Terminato il liceo Irene si trasferisce con il fidanzato negli Stati Uniti dove continua gli studi in una
prestigiosa università, mentre Ciro esce di prigione decisamente cambiato: entrambi i ragazzi sono
consapevoli che l’esperienza vissuta li ha aiutati a scoprire una parte di se stessi che ancora non
conoscevano.
Presentazione critica
Introduzione al film
La città dei ragazzi
Il cinema di Antonio Capuano si basa su due capisaldi, su due elementi ricorrenti di film in film: da un
lato la città di Napoli in quanto universo da scoprire e riscoprire, un luogo stratificato, dove le
contraddizioni convivono in apparente (dis)armonia, attraversato da una permeabilità delle classi sociali
che raramente si può constatare in altre realtà; dall’altro i giovani (bambini, adolescenti o ragazzi) come
portatori di uno sguardo diverso, capace di leggere la realtà (spesso degradata) in cui vivono meglio degli
adulti, troppo presi da una quotidianità che tende ad affievolire i sensi e ad addormentare le coscienze.
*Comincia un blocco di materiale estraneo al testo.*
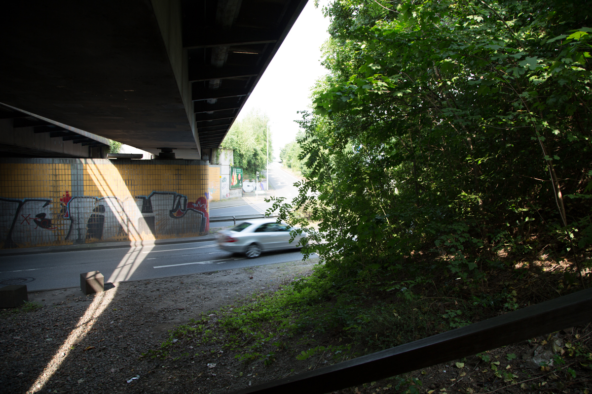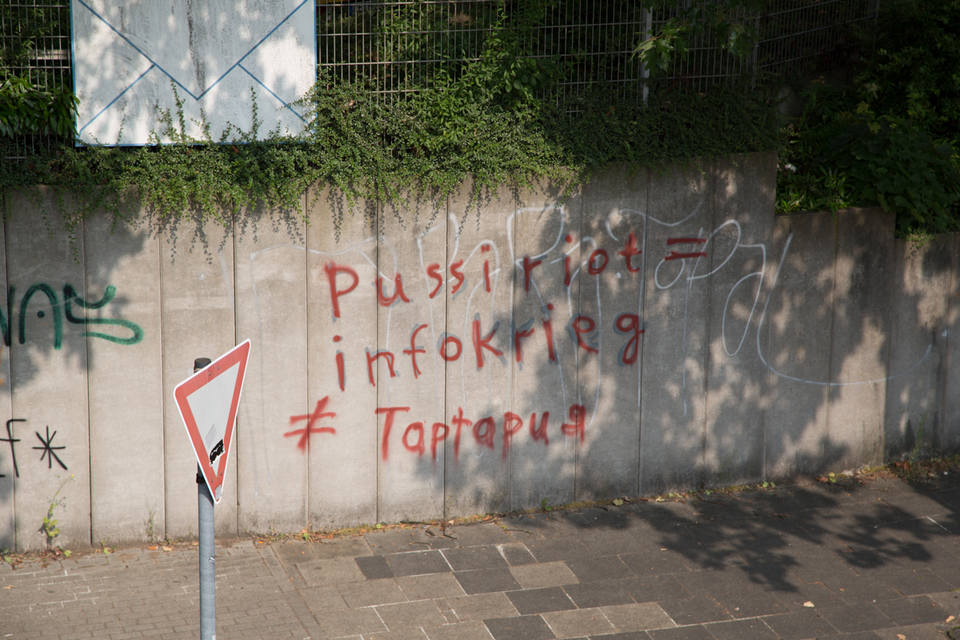 2. Because of the heavy rainfall in the afternoon, we did not realise the plan to place an intervention under a graffiti reading ‘Pussy Riot’ on a wall at Tourainer Ring with sound from the Pussy Riot cathedral performance in Moscow. This would have been another reinstallment of unedited, musical material related to the space in a more abstracted way (name of pedestrian bridge – jazz scene in Mülheim and the Ruhrgebiet in the 1950s; graffiti naming a politically significant performance – recording of that performance).

A
incominciare dall’esordio del 1991 con Vito e gli altri che documentava con lirica crudeltà la vita di uno
scugnizzo contemporaneo, passando per Pianese Nunzio, 14 anni a maggio (1996), storia del legame che si
instaura tra un prete anticamorra e un adolescente che vive fuori dalla famiglia, fino ad arrivare a La
guerra di Mario (2005), incentrato sul rapporto impossibile tra una famiglia borghese e un bambino vittima
di abusi dato loro in affido dai servizi sociali, i minori per Capuano sono sempre stati i protagonisti (anche
negativi, come nel caso del Ciro di L’amore buio) di percorsi complessi, difficili, spesso disperati ma
comunque animati da una grande vitalità capace di riscattarne i destini, di proiettarli in un futuro che è
d’obbligo immaginare migliore.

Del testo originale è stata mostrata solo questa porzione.